Records provided >>

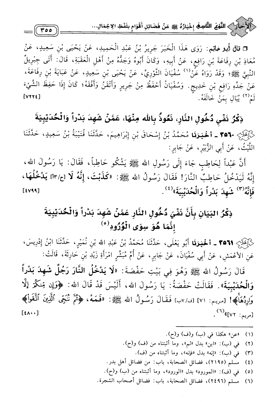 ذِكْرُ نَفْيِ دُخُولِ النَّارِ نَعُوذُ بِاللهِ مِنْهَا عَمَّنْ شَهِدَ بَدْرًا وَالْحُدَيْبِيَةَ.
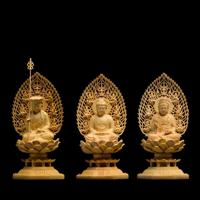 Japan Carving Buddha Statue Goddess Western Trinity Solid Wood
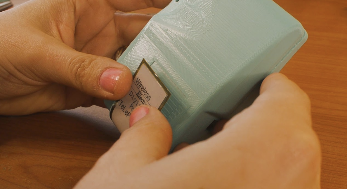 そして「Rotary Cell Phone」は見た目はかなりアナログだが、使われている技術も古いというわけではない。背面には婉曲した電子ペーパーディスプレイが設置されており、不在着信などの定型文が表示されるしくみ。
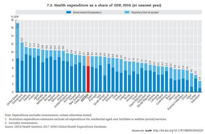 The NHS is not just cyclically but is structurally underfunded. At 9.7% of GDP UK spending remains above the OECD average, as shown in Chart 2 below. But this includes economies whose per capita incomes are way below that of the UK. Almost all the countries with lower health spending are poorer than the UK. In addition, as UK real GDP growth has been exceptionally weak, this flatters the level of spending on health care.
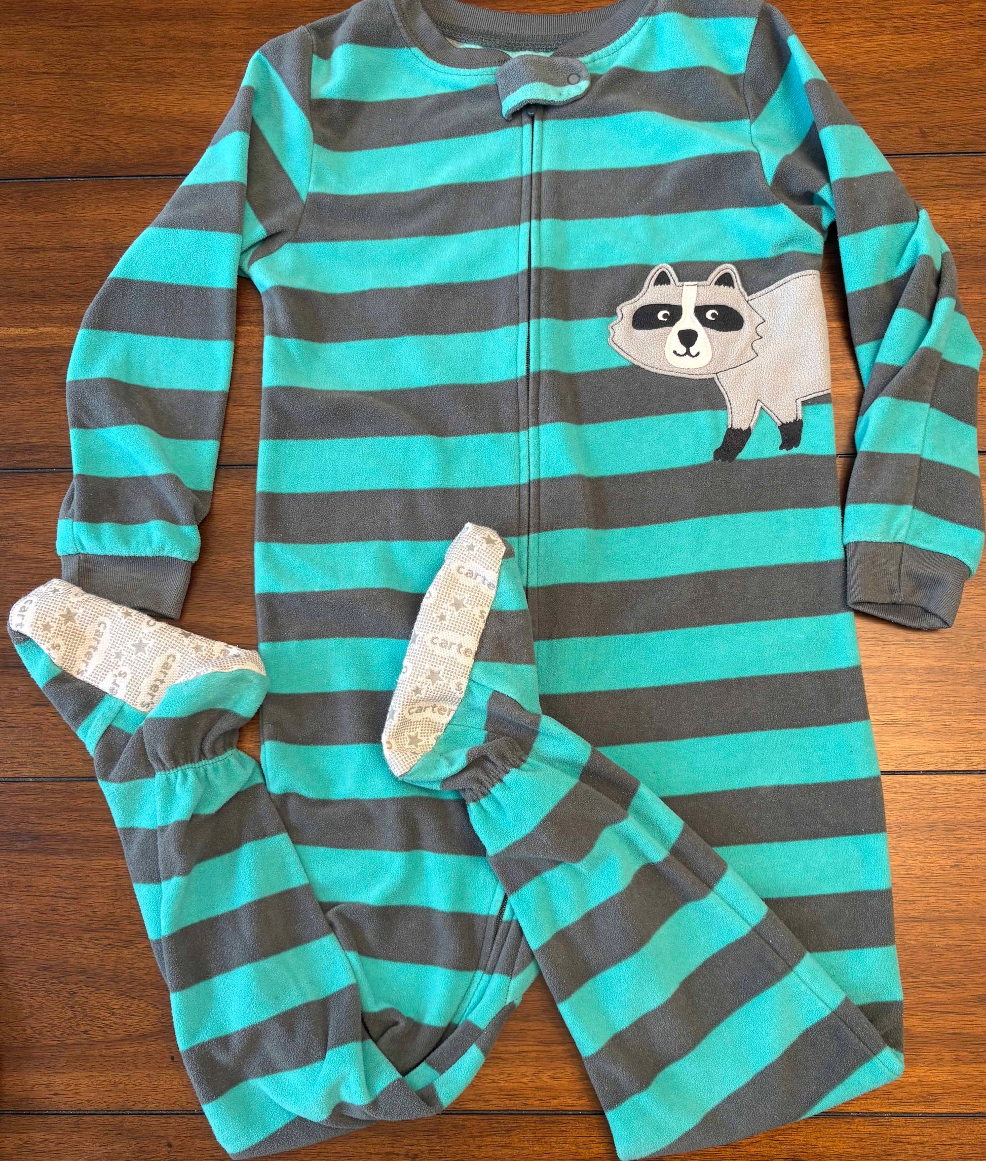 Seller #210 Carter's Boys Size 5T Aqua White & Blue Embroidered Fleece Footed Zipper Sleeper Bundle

* * *

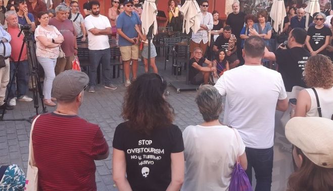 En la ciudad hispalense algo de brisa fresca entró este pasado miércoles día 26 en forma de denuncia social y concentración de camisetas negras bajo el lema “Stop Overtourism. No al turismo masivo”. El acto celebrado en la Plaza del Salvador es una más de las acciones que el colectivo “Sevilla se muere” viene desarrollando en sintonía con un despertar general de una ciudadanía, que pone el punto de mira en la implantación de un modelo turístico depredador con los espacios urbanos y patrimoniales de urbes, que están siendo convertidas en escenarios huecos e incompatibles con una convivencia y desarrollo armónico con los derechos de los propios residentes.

...

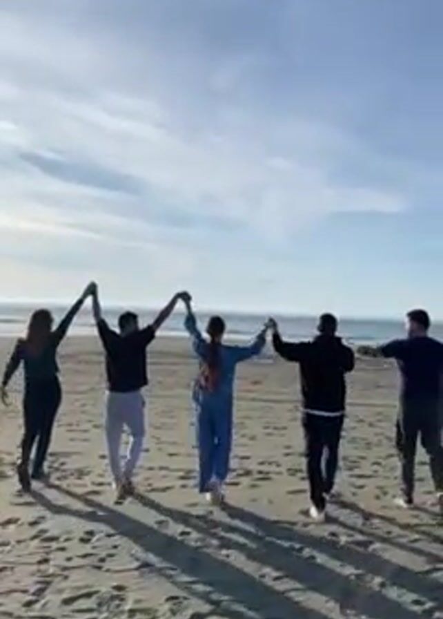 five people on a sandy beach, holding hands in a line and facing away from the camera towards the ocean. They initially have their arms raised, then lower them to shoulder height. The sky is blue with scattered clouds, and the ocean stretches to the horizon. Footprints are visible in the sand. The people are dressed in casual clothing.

What you will do >> Take the entries above and copy exactly the lines starting at the one with "ذِكْرُ نَفْيِ دُخُولِ" and ending at the one with "Seller #210 Carter's"; nothing outside that span, and no pictures.

Exercise solution >>
 ذِكْرُ نَفْيِ دُخُولِ النَّارِ نَعُوذُ بِاللهِ مِنْهَا عَمَّنْ شَهِدَ بَدْرًا وَالْحُدَيْبِيَةَ.
 Japan Carving Buddha Statue Goddess Western Trinity Solid Wood
 そして「Rotary Cell Phone」は見た目はかなりアナログだが、使われている技術も古いというわけではない。背面には婉曲した電子ペーパーディスプレイが設置されており、不在着信などの定型文が表示されるしくみ。
 The NHS is not just cyclically but is structurally underfunded. At 9.7% of GDP UK spending remains above the OECD average, as shown in Chart 2 below. But this includes economies whose per capita incomes are way below that of the UK. Almost all the countries with lower health spending are poorer than the UK. In addition, as UK real GDP growth has been exceptionally weak, this flatters the level of spending on health care.
 Seller #210 Carter's Boys Size 5T Aqua White & Blue Embroidered Fleece Footed Zipper Sleeper Bundle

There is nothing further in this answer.